§ **TRY IT**
With the pictures set aside, return the lines below exactly, beginning at the first and ending at the line containing "針對(duì)天然氣加熱爐大".

§ **PROVIDED DATA**
◇ ◇ ◇ ◇

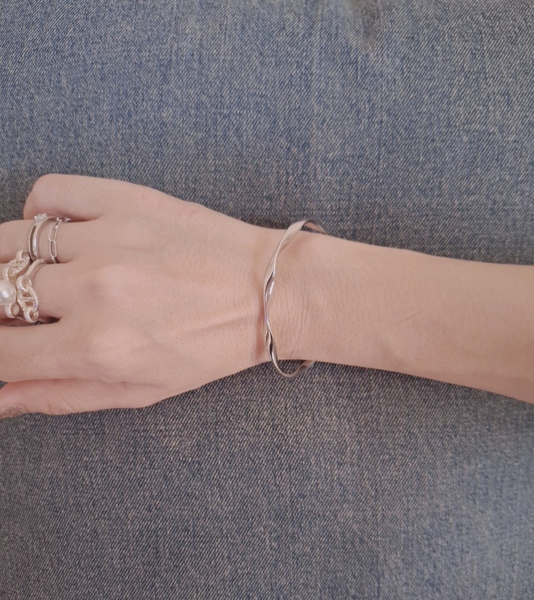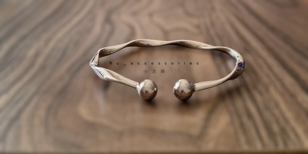 S925 莫比烏絲扭紋圓珠開口鐲 #27
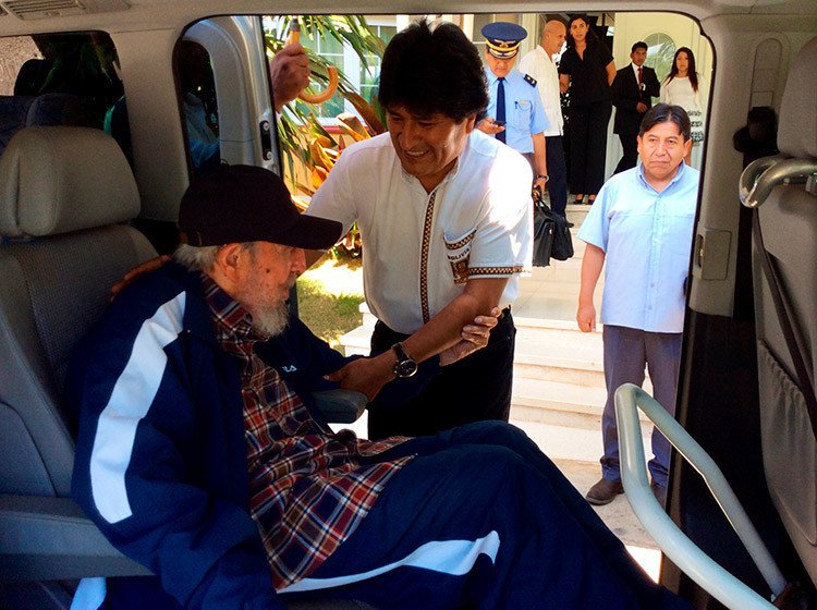 "Para Bolivia todo el cariño del mundo y mi admiración", dijo Fidel Castro, citado por la agencia estatal boliviana de información ABI. El presidente boliviano Morales tenía planes de visitar a Castro en su casa, por lo que su llegada a bordo de la camioneta le sorprendió.
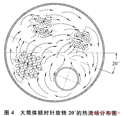 針對(duì)天然氣加熱爐大筒體內(nèi)無(wú)法形成有效傳熱流場(chǎng)的缺點(diǎn),首先提出一種旋轉(zhuǎn)型圓筒式天然氣加熱爐(國(guó)家實(shí)用新型專(zhuān)利:ZL200820057571.9):將大筒體內(nèi)對(duì)稱(chēng)布置的加熱受熱面(即火筒和煙管束,以及冷卻受熱面)旋轉(zhuǎn)適當(dāng)?shù)慕嵌龋辜訜崾軣崦姹M可能置于較低的位置[8](如圖4所示),這時(shí)大筒體內(nèi)溫度最高的火筒位于筒體的最下部,形成一股較強(qiáng)向上的熱壓,增大引起自然對(duì)流的動(dòng)力,由于火筒、煙管束和對(duì)流管束內(nèi)的流體存在溫差,促使大簡(jiǎn)體內(nèi)中間載熱介質(zhì)形成順時(shí)針循環(huán)順暢的熱流場(chǎng),消除大筒體底部的“死角”,達(dá)到強(qiáng)化傳熱,提高效率的目的。研究表明:該旋轉(zhuǎn)角度以20°為最佳[9],旋轉(zhuǎn)太小,達(dá)不到增大動(dòng)力的目的;旋轉(zhuǎn)太大,會(huì)導(dǎo)致煙管束與輸入對(duì)流管束處于同一水平位置,反而破壞了順暢流場(chǎng)的形成。
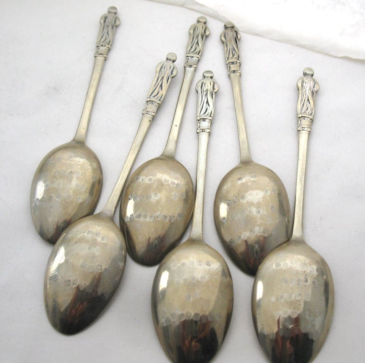 Please note: These are vintage items that have been pre-owned. The spoons have been used, polished, loved and polished some more, so the plating on all of them is... well let's face it, it's gone. You will receive the six spoons shown in the photos. Please therefore study the photos with care if signs of age and wear bother you.

◇ ◇ ◇ ◇

§ **TASK ANSWER**
 S925 莫比烏絲扭紋圓珠開口鐲 #27
 "Para Bolivia todo el cariño del mundo y mi admiración", dijo Fidel Castro, citado por la agencia estatal boliviana de información ABI. El presidente boliviano Morales tenía planes de visitar a Castro en su casa, por lo que su llegada a bordo de la camioneta le sorprendió.
 針對(duì)天然氣加熱爐大筒體內(nèi)無(wú)法形成有效傳熱流場(chǎng)的缺點(diǎn),首先提出一種旋轉(zhuǎn)型圓筒式天然氣加熱爐(國(guó)家實(shí)用新型專(zhuān)利:ZL200820057571.9):將大筒體內(nèi)對(duì)稱(chēng)布置的加熱受熱面(即火筒和煙管束,以及冷卻受熱面)旋轉(zhuǎn)適當(dāng)?shù)慕嵌龋辜訜崾軣崦姹M可能置于較低的位置[8](如圖4所示),這時(shí)大筒體內(nèi)溫度最高的火筒位于筒體的最下部,形成一股較強(qiáng)向上的熱壓,增大引起自然對(duì)流的動(dòng)力,由于火筒、煙管束和對(duì)流管束內(nèi)的流體存在溫差,促使大簡(jiǎn)體內(nèi)中間載熱介質(zhì)形成順時(shí)針循環(huán)順暢的熱流場(chǎng),消除大筒體底部的“死角”,達(dá)到強(qiáng)化傳熱,提高效率的目的。研究表明:該旋轉(zhuǎn)角度以20°為最佳[9],旋轉(zhuǎn)太小,達(dá)不到增大動(dòng)力的目的;旋轉(zhuǎn)太大,會(huì)導(dǎo)致煙管束與輸入對(duì)流管束處于同一水平位置,反而破壞了順暢流場(chǎng)的形成。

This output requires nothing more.